In part due to its overwhelmingly retro nature, the two heroes manage to work together in near-perfect harmony, setting in motion literally centuries of co-operation between the heroes and their eventual off-spring. Maybe it was Byrne trying to make up for what he set in motion thirteen years earlier.
The Batman/Superman Story7 of 12
For the 2007 fifth season of animated series The Batman, producers took the character further out into the DC Universe than he'd ventured previously, starting with this two-part episode that came up with the best reason for Batman to fight with Superman during their first go-around: The latter hero was mind-controlled by Lex Luthor, thanks to Poison Ivy's mind-control gas.
When Clark Met Bruce8 of 12
And then there was the time when the two characters didn't meet for the first time. In this short by Jeph Loeb and Tim Sale, a young Bruce Wayne passed through Smallville and found himself in the presence of Clark Kent -- although, as the two were kids (and neither even vaguely aware of what lay ahead of them), neither one was really aware of how important the other would end up becoming in their life in the future.
One of the many retcons to Superman's history of the period - Remember when Lex Luthor was suddenly at high school with Clark, seemingly out of nowhere? - this was one that was light enough to stick.
Justice League, Part One9 of 12
2012's "New 52" makeover brought about yet another chance for our heroes to meet for the first time, and this time around, there was a brand new twist: The two heroes had company during their first meeting. Specifically, Green Lantern was along for the ride, with his brand of act-first-think-later decision making drastically changing the way things went - especially when combined with a Superman who was, himself, more likely to punch first and ask questions later (And even then, his question was "So… What can you do?").
Considering how important these two characters are to the overall universe, this meeting set the tone for a lot of what was to follow in the "New 52": Namely, more visually explosive storytelling at the occasional cost of nuance, much to the upset of long-term fans. Plus, really? Green Lantern had to be there?
Detective10 of 12
When Bruce Wayne finally showed up in Smallville continuity, it was something that fans had been waiting some time - Like, the entire length of the show's run on television and then some - for.

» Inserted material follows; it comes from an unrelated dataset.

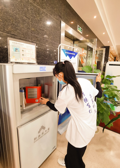图为两名组员正在进行图书馆书籍整理摆放志愿工作
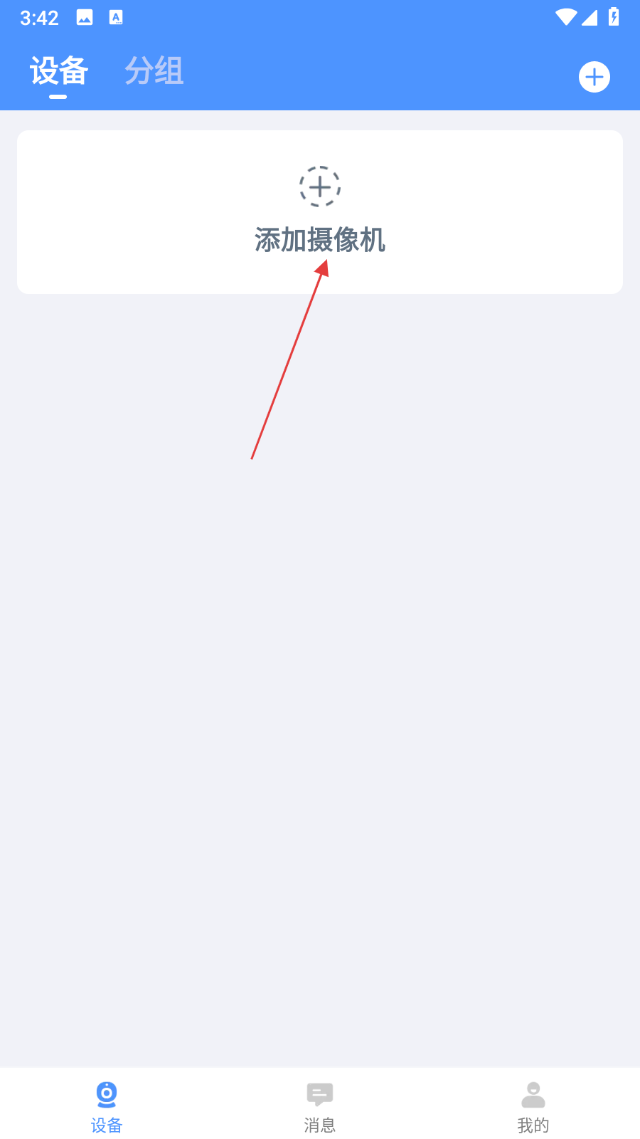 1、打開云視云APP,在“設(shè)備”頁面點擊添加攝像機(jī)按鈕。

Thankfully, they seemed more than satisfied with what writer Bryan Q. Miller and artist Criss Cross came up with for the 2012 arc of Smallville Season 11, with Bruce matching Clark in terms of inner angst and surpassing him when it came to anger.
As was traditional in Smallville, the new hero initially appeared to be a problem to be dealt with before all was revealed, but no bridges were burned that couldn't be rebuilt later. If only Stephanie Brown had managed to make it in to the finished version…!
Cross World11 of 12
Less than two years after the new Superman and Batman met for the first time in Justice League #1, they did it again in Batman/Superman #1 – Blame the fact that they didn't remember this earlier meeting on alternate-reality-time-travel-comic-book-craziness.
In terms of first meetings, though, this one is weird – Clark and Bruce certainly have a first meeting that's worth remembering (and one that neatly summarizes their world views), but when it comes to getting their costumed alter egos together, all manner of parallel world hell breaks loose, bringing together alternate versions of the characters to complicate matters. Of course, with Jae Lee art, everything managed to look exquisite no matter what manner of craziness was actually unfolding on the page...
In fact, this one counts for two, as their first meeting on Earth 2, as children, was also chronicled in its pages.